=== BRIEF ===
Before printing, remove every picture; then print the lines below exactly, from the first line through the line containing "- COMPOSITION : COMPOSITION".

*** Opening of GIVEN INFORMATION ***

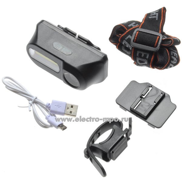 С6421. Фонарь LED53763 светодиодный налобный 4Вт аккумуляторный с велокреплением IP43 (Ultraflash)
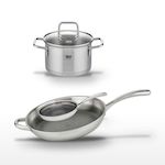 - COMPOSITION : COMPOSITION : Acier inoxydable 18/10 de haute qualité avec noyau en aluminium pour les poêles, et acier inoxydable pour le faitout.
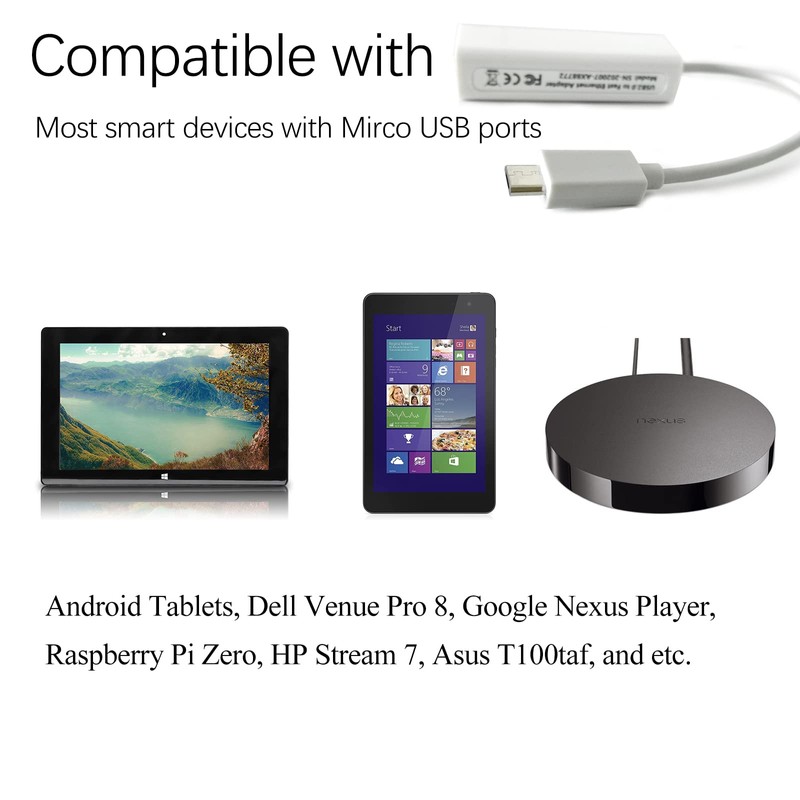 - 【Wide Compatibility】Driver-less design for Windows 8.1 / 10 (32/64 bit) or up, Mac OS 10.9 or up, and Android 4.0 or up operation system.Add 10/100M network ability to compatible device for Android Tablets, Windows Tablet computer, Google Nexus Player, Dell Venue Pro 8 Tablet, Raspberry Pi Zero, HP Stream 7, Asus T100taf and etc.
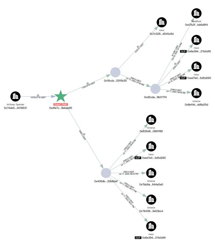 The USDT transaction trail of the new address (0xdfe7) is also very extensive, being transferred out to platforms such as Binance, MEXC, and FixedFloat.

*** Close of GIVEN INFORMATION ***

=== RESPONSE AREA ===
 С6421. Фонарь LED53763 светодиодный налобный 4Вт аккумуляторный с велокреплением IP43 (Ultraflash)
 - COMPOSITION : COMPOSITION : Acier inoxydable 18/10 de haute qualité avec noyau en aluminium pour les poêles, et acier inoxydable pour le faitout.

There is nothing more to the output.